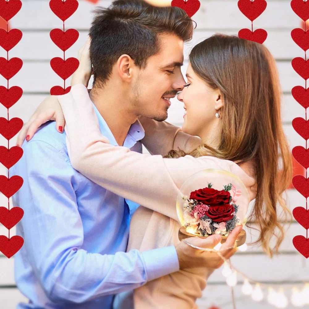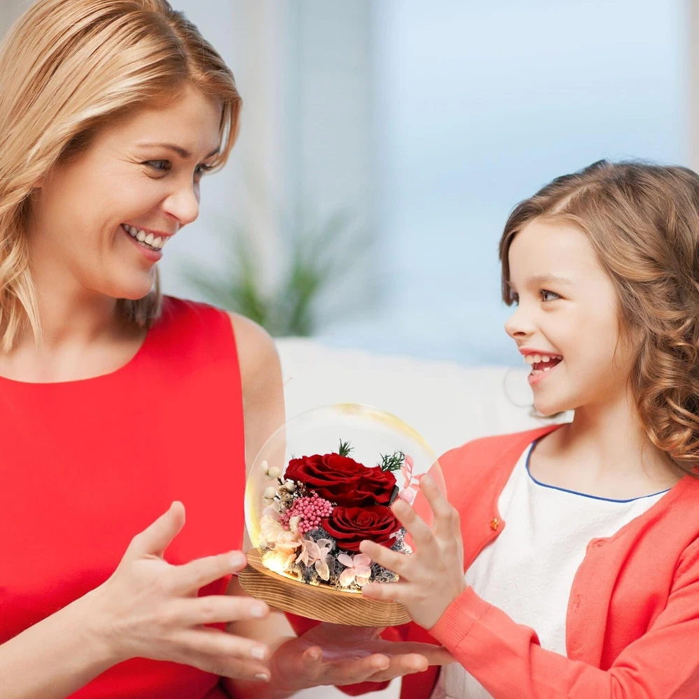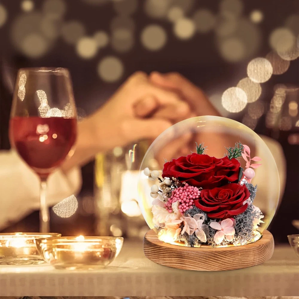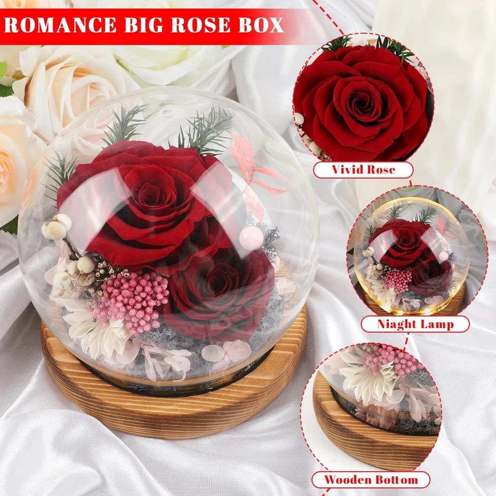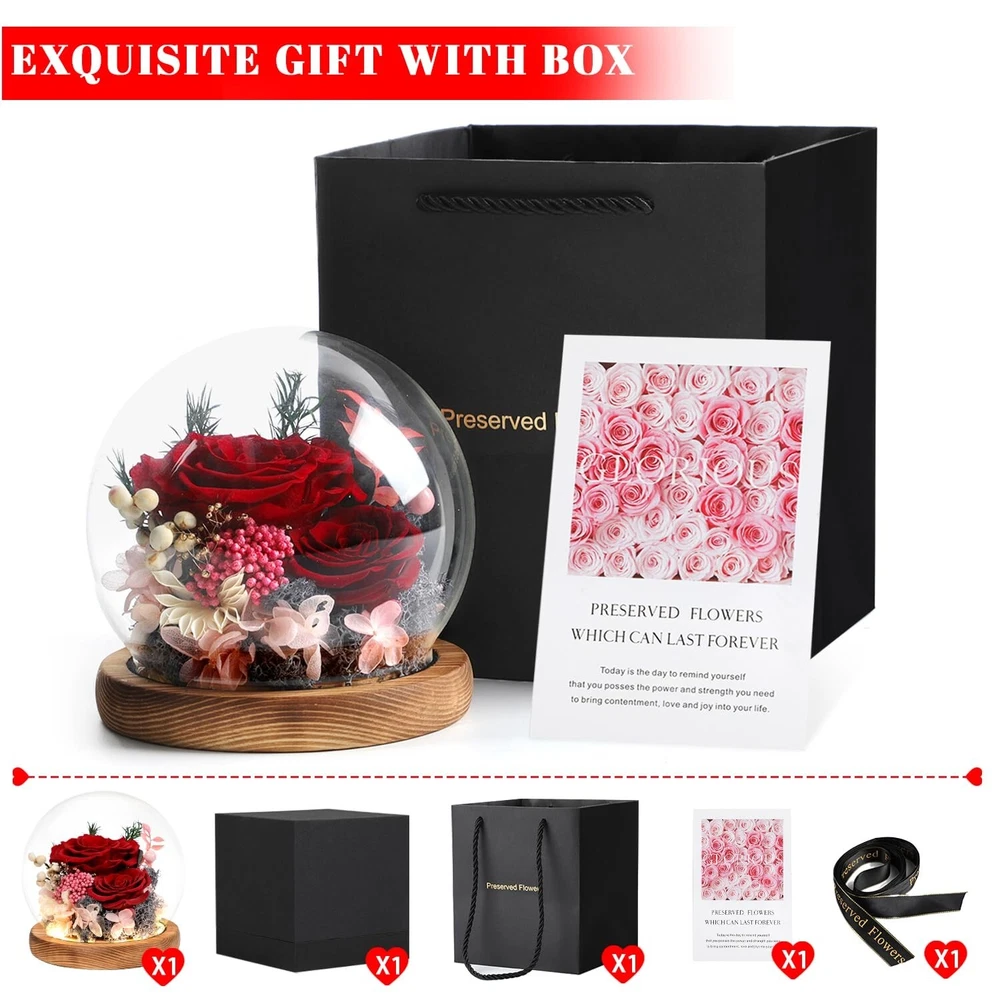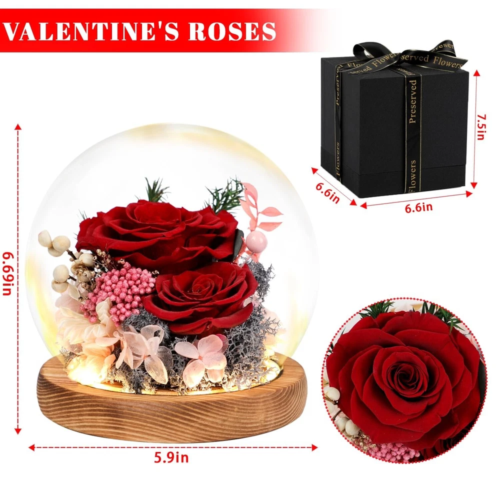 Valentines Day Gifts for Her, Valentine's Day Roses Unique Floral Gift All Occasions for Mom Girlfriend Wife Valentine's Mothers Day Anniversary Wedding Product Details Brand: Erweicet Plant or Animal Product Type: Rose Color: Red Number of Items: 1 Item dimensions L x W x H: 3 x 3 x 3 inches Product Dimensions: 3 x 3 x 3 inches Item Weight: 1.72 pounds Manufacturer: Erweicet Country of Origin: China Item model number: A-YSH Date First Available: October 18, 2023 The Rose box for Women: The red rose dome is made of glass and the bottom is made of solid wood. Through the glass, you can enjoy the elegance of the eternal roses in 360,fully displaying ""Eternal Love"". Can be used as birthday gift,thank you gift,Christmas gift Warm LED String Design: The well-preserved rose flower box in the glass dome will have a beautiful gift box with a size of 6.3 inches * 6.3 inches * 6.3 inches and the bottoms surrounded by LED light trings,which require 3 AAA batteries to power, and the LED strip lights shine through the glass, making them ideal for use at night to create a cozy and romantic atmosphere. Real Floral Gift: This fresh flowers gift suitable for woman to show your love them on Mother's Day,Thanksgiving, Valentine's Day, and Christmas,bridal showers,New Year's Day,anniversaries and so on Service You By Heart And Soul: You will get a real floral gift whit string, a gold and black ribbon, a gift box, each gift box accessories strict quality control, and a number of improvements and selection to ensure customer satisfaction, if you by any doubt, please tell us! Preserved Flower Rose Fresh Flowers Real Floral Gift for Women Birthday Gifts Forever Roses Romantic Gifts for Mom Girlfriends Wife for Birthday Gifts for Women, Mothers Day, Christmas. Flowers for Delivery: Fresh flower gifts for women,moms,and girlfriends. Every rose is fresh, and we use special techniques to preserve it for 3-5 years to maintain its beauty. Each rose is different in size, shape, and color,showcasing natural beauty.Our unique flower arrangement philosophy blends luxury and warmth into elegance The Rose box for Women: The red rose dome is made of glass and the bottom is made of solid wood. Through the glass, you can enjoy the elegance of the eternal roses in 360,fully displaying ""Eternal Love"". Can be used as birthday gift,thank you gift,Christmas gift Warm LED String Design: The well-preserved rose flower box in the glass dome will have a beautiful gift box with a size of 6.3 inches 6.3 inches 6.3 inches and the bottoms surrounded by LED light trings,which require 3 AAA batteries to power, and the LED strip lights shine through the glass, making them ideal for use at night to create a cozy and romantic atmosphere. Real Floral Gift: This fresh flowers gift suitable for woman to show your love them on Mother's Day,Thanksgiving, Valentine's Day, and Christmas,bridal showers,New Year's Day,anniversaries and so on Service You By Heart And Soul: You will get a real floral gift whit string, a gold and black ribbon, a gift box, each gift box accessories strict quality control, and a number of improvements and selection to ensure customer satisfaction, if you by any doubt, please tell us!
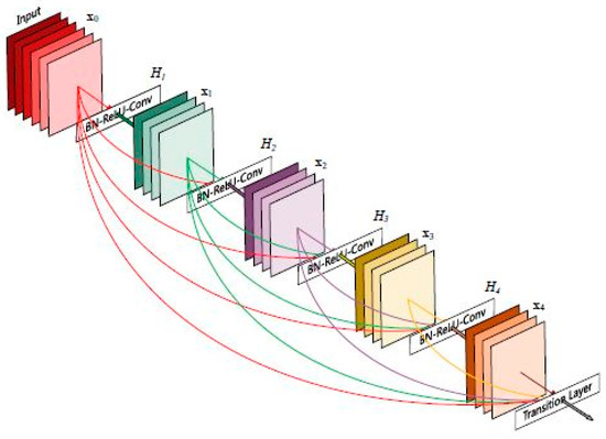 The characteristic of DenseNet [7] is that each layer obtains information from all previous layers by concatenation and provides all feature maps (information) to the following layers (Figure 3). Thus, the input image passes successively through several layers of convolution, obtaining the feature maps.
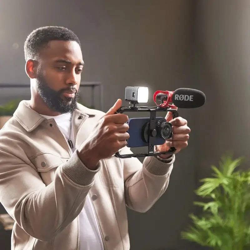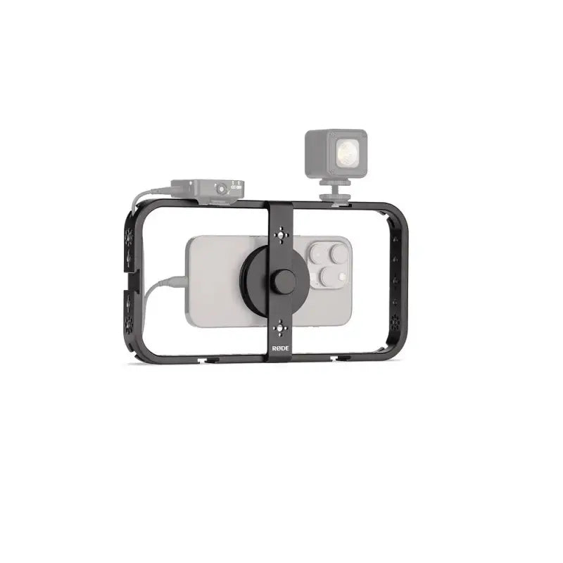 Rode Phone Cage es un sistema de montaje ultraseguro para fijar un iPhone® MagSafe® u otro smartphone y convertirlo en un equipo de rodaje profesional
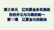 第三单元辽宋夏金多民族政权的并立与元朝的统一第10课辽夏金元的统治自主预习·新知导学自主预习·新知导学知识点一辽与西夏1.辽国的统治2.西夏的统治(1)建立:西夏的建立者是党项族,唐末在今陕北、宁夏一带形成边疆藩镇,宋初仍然保持半独立的地位。1038年,党项首领元昊称帝,定都兴庆府,国号大夏,史称西夏。(2)西夏的制度:基本模仿北宋,中央机构有汉式官称,也有一套本民族称谓的官称。知识点二金朝入主中原1.金朝建立:金朝的建立者是女真族。1115年,完颜阿骨打称帝,建立金朝,定都会宁府(上京)。1125年,金
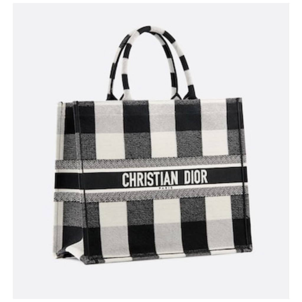 Dior Book Tote Bag In Black And White Plaid Embroidered Canvas
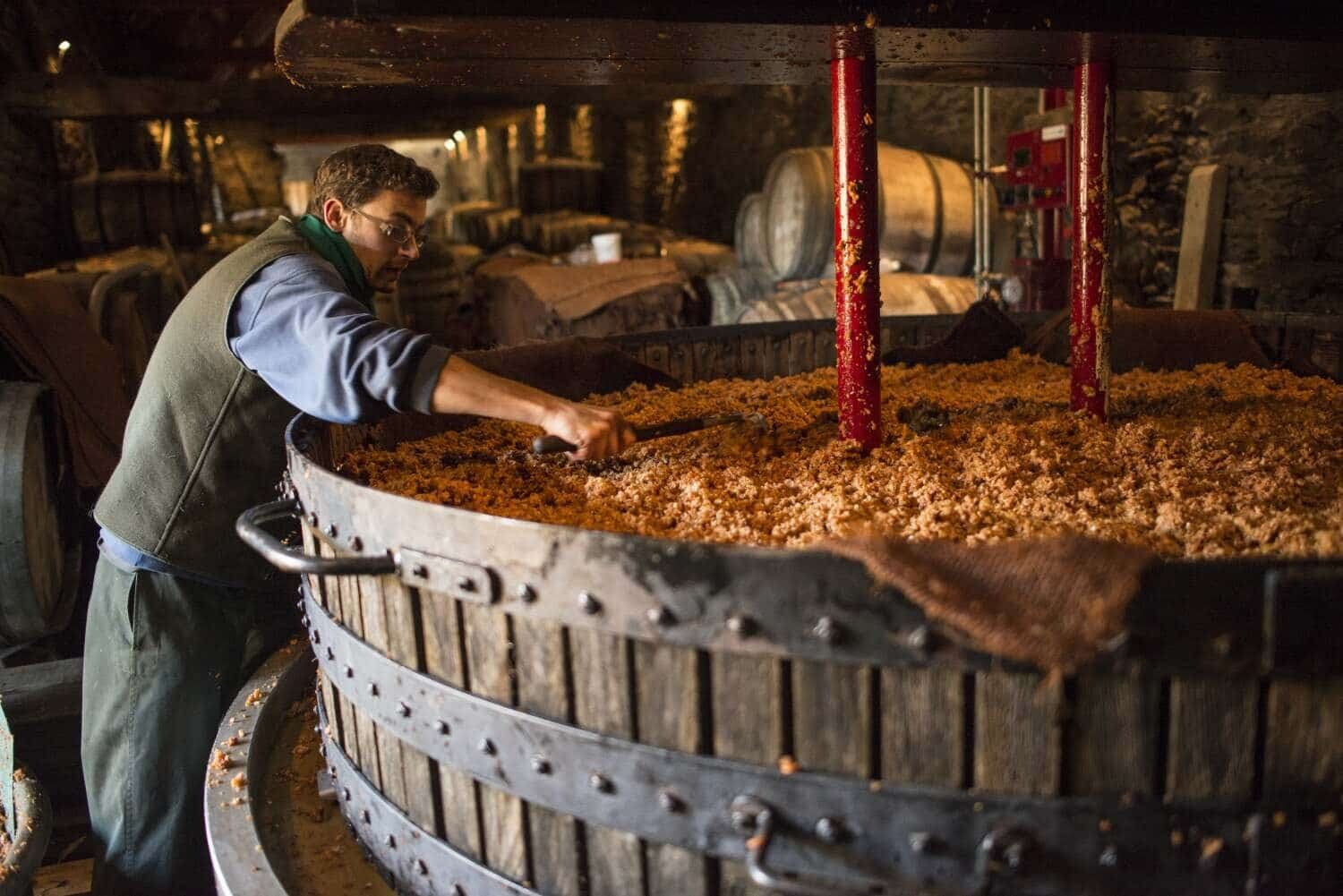その後、シャンパンプレスで24時間かけてゆっくり圧搾し、一般的には鋼鉄製のタンクが使われる中、オーク樽で6~8ヶ月間発酵させています。
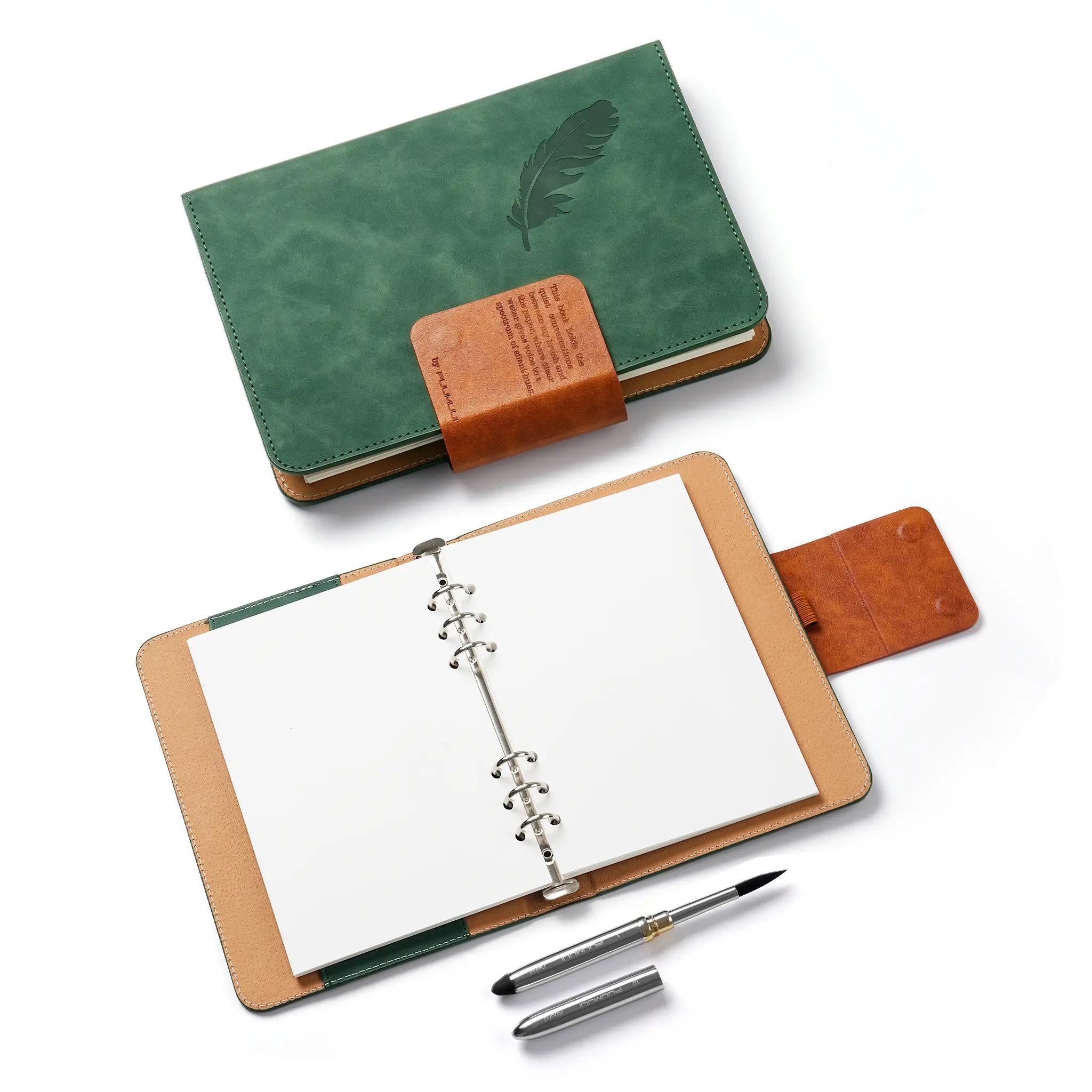 Fuumuui Suede Leather Watercolor Loose-Leaf Sketchbook with A Round Travel Brush
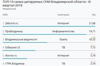 «Владимирские ведомости», наряду с традиционной бумажной версией, продолжают развивать свой интернет-портал www.vedom.ru. По результатам III квартала 2018 года «ВВ» вошли в топ-три рейтинга цитируемости медиаресурсов региона компании «Медиалогия».
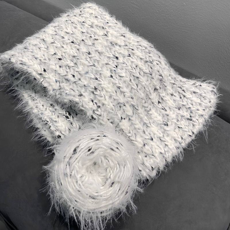 雪花双面针织围巾女秋冬季韩系氛围感加厚保暖高级感围脖复古披肩
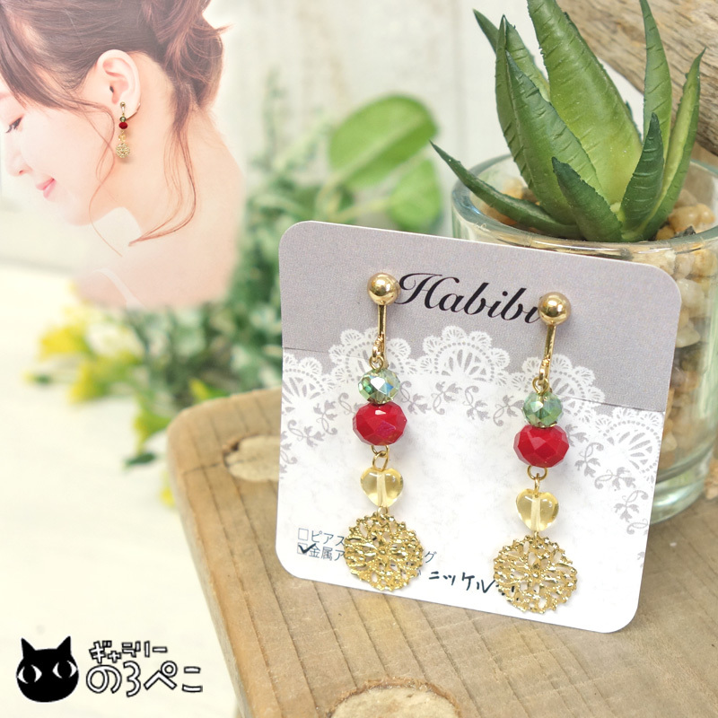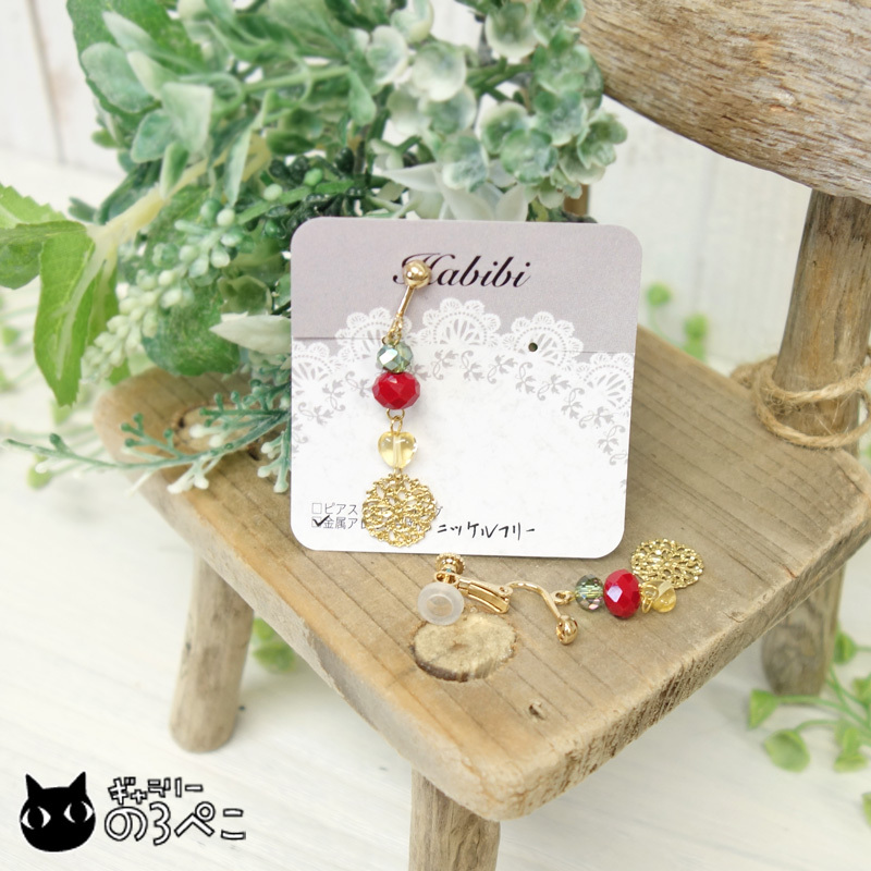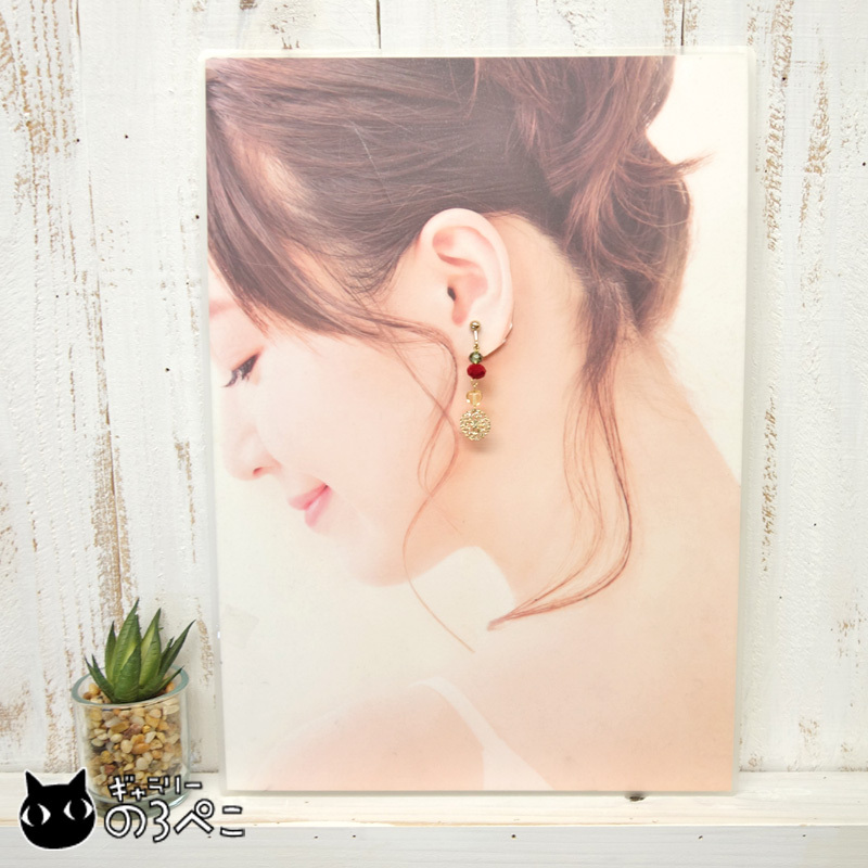 イヤリングは金属アレルギー対応パーツ(ニッケルフリー)です。(金属アレルギーには個人差がありますので、全ての方にアレルギー反応が出ないことを保証するものではありません。大丈夫かどうかはご自身の責任でご判断ください。)

▶ Exercise instructions
Output only the lines above from the one containing "第三单元辽宋夏金多民族政权的" to the one containing "Fuumuui Suede Leather", both included, exactly as written and with no pictures.

▶ Answer
 第三单元辽宋夏金多民族政权的并立与元朝的统一第10课辽夏金元的统治自主预习·新知导学自主预习·新知导学知识点一辽与西夏1.辽国的统治2.西夏的统治(1)建立:西夏的建立者是党项族,唐末在今陕北、宁夏一带形成边疆藩镇,宋初仍然保持半独立的地位。1038年,党项首领元昊称帝,定都兴庆府,国号大夏,史称西夏。(2)西夏的制度:基本模仿北宋,中央机构有汉式官称,也有一套本民族称谓的官称。知识点二金朝入主中原1.金朝建立:金朝的建立者是女真族。1115年,完颜阿骨打称帝,建立金朝,定都会宁府(上京)。1125年,金
 Dior Book Tote Bag In Black And White Plaid Embroidered Canvas
その後、シャンパンプレスで24時間かけてゆっくり圧搾し、一般的には鋼鉄製のタンクが使われる中、オーク樽で6~8ヶ月間発酵させています。
 Fuumuui Suede Leather Watercolor Loose-Leaf Sketchbook with A Round Travel Brush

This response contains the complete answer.